Artist: Paula Giltner Nash. This image is the property of Good News Productions International and College Press Publishing.

The roofs required a lot of upkeep since they were made of mud. Roofs were leaky in rain and would dry and crumble in dry weather. Ecc 10:18 describes a person with a leaky roof as lazy and idle, because they took a lot of work! Every house had a roof roller on the corner of the roof to pack down these layers of mud. (Can you spot the roof roller in the picture?) The roller helped the roof stay smooth and as water proof as they could make  it. These roof rollers were ubiquitous. Hundreds have been discovered in archeological digs.

The roof space was used as another room of the house. Families would often sleep under the stars on their roofs, since the temperatures were cooler than the lower, enclosed levels. Curtained walls or reed walls, called “booths,” were erected to make an upper room on the roof top. The roof room was often used for a guest room. Saul slept on a roof in 1 Samuel 9:26 as he was traveling with Samuel before being anointed as king. Nehemiah 8:16 describes the returned Israelites making booths for Sukkoth on their roofs. Proverbs  25:24 and 21:9 describe husbands who moved into these roof rooms because of marital problems. They would say, “I slept on the roof last night.”

In the cities, the roofs would all connect together. You could take a stroll along the rooftops. The palace roof was usually at the highest part of the city, so the king could see down into the city. Daniel 4:29 describes Nebuchadnezzar walking on his roof looking out into his city. King David saw Bathsheba from his roof. Note that she was not bathing on her roof.
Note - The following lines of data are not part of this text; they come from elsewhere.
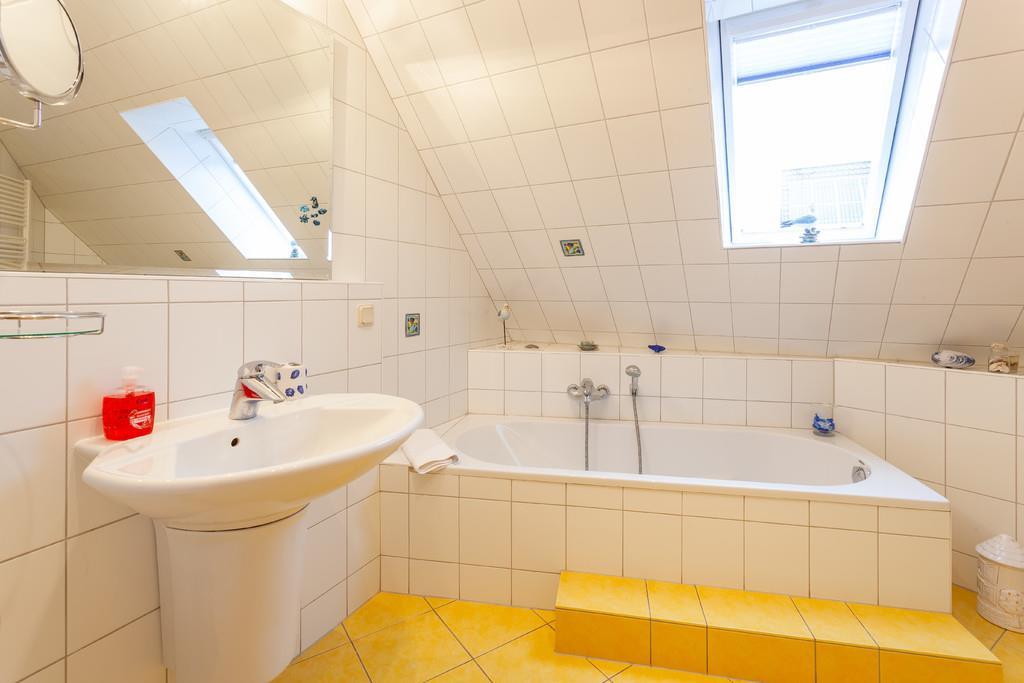 Es gibt ein Gäste-WC im Erdgeschoss und ein großes, helles Bad mit Dusche und Badewanne im Obergeschoß.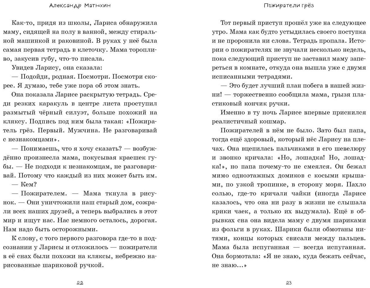 От автора "Города Спящих"! Мама Ларисы верит, что за их семьёй охотятся Пожиратели грёз, чудовища из другого мира. О странностях мамы быстро узнали в школе, и Лариса растеряла всех друзей. А потом она сама увидела Пожирателей… Димка как-то раз встречает на заброшенной заправке призрака! После этого мальчик разболелся и бормотал что-то о "вкусе грёз". Он и представить не мог, что невольно соорудил тоннель между мирами! И теперь Пожиратели грёз начинают охоту за ним и Ларисой — подростками, которые знают об их существовании и могут остановить!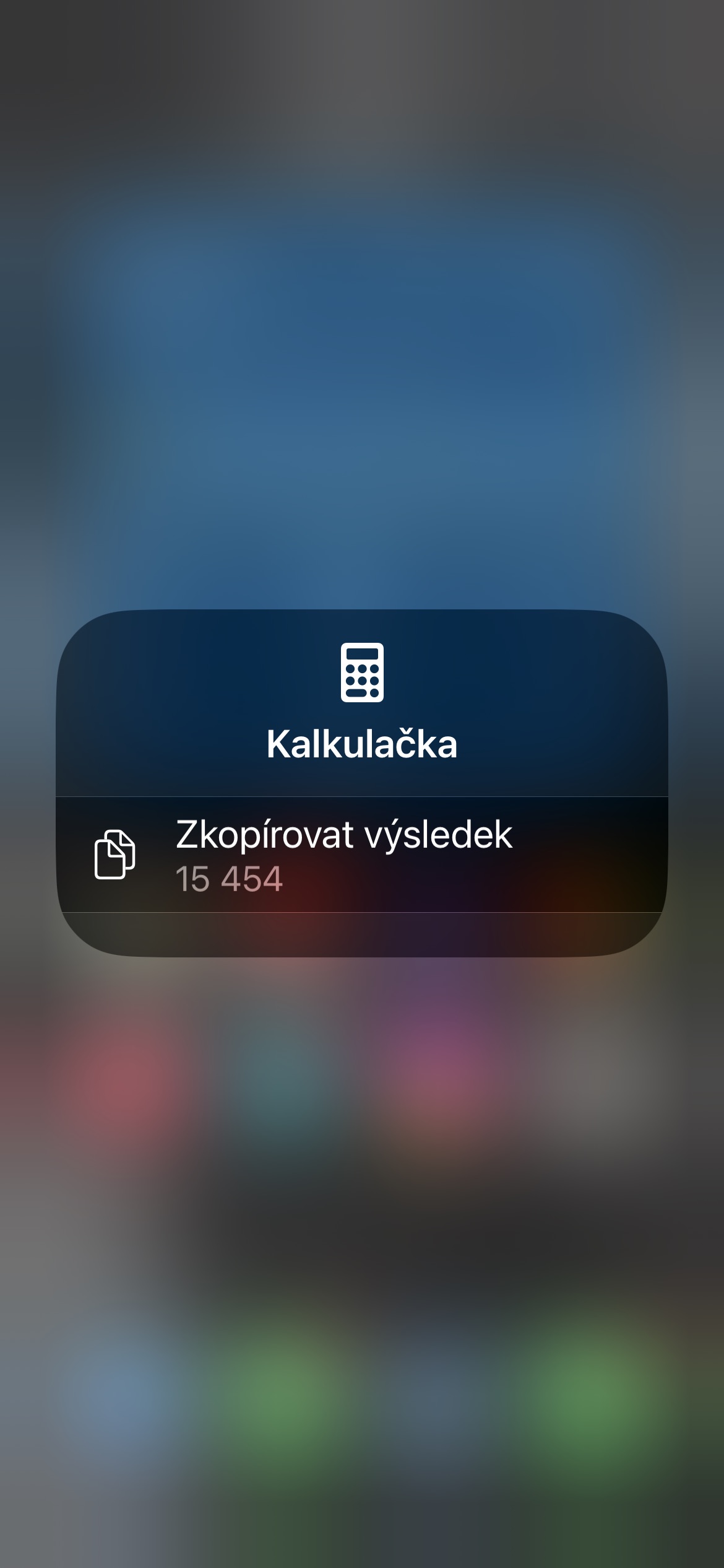 Překvapivou možnost nabízí i dlaždice nativní Kalkulačky v Ovládacím centru. Schválně zkuste aktivovat Ovládací centrum a dlouze tuto dlaždici stisknout – uvidíte, že se vám zobrazí menu s možností rychlého zkopírování posledního výsledku – výsledek se z pochopitelných důvodů neuloží v případě, že jste obsah displeje v Kalkulačce promazali.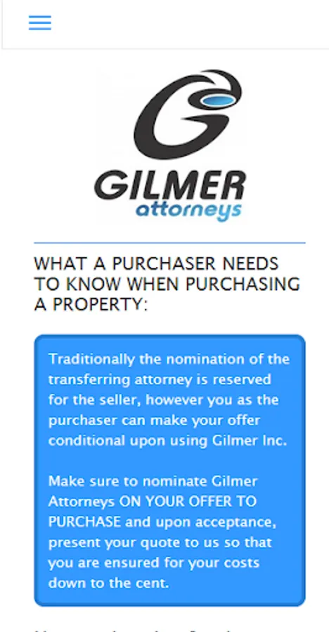 Gilmer inc Attorneys is situated in the heart of Southern Johannesburg. We offer a comprehensive range of legal services for both private individuals and corporate. The firm’s reputation centers around providing competent and responsive legal advice of the highest quality. We achieve this by having an extremely knowledgeable team that has, in excess of 31 years of cumulative experience, ensuring that only service of the upmost quality is given. The utilization of the latest and greatest technology, enables us to facilitate any transaction at the greatest speed and efficiency possible.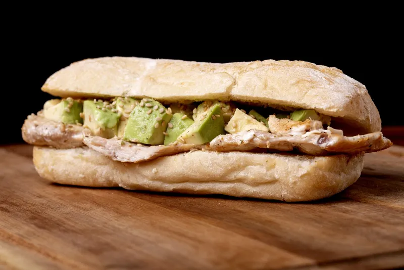 Ensalada con lechuga, tomate, palta, queso, tocino, huevo cocido, champiñones salteados, filete de pechuga de pollo a la plancha y vinagreta a elección.

She could have been inside her house, in the uncovered courtyard portion. From his vantage point, David could see into the private portion of the city’s houses. David was again on his roof when he saw a runner coming into the city to tell of his son Absalom’s defeat.

The roof was also used as a stage. It was a place where everyone could see and hear you. Matthew 10:27 and Luke 12:3 describe shouting something from the rooftops for all to hear. Absalom pitched a tent on the palace roof and slept with all his father’s concubines “in sight of all Israel.” (2 Samuel 16:22) Judges 16:27 describes a party where blind Samson was brought out to entertain the Philistine nobles. In this case, 3,000 of them were on the roof looking down at the entertainment. Samson pushed the columns holding the roof over.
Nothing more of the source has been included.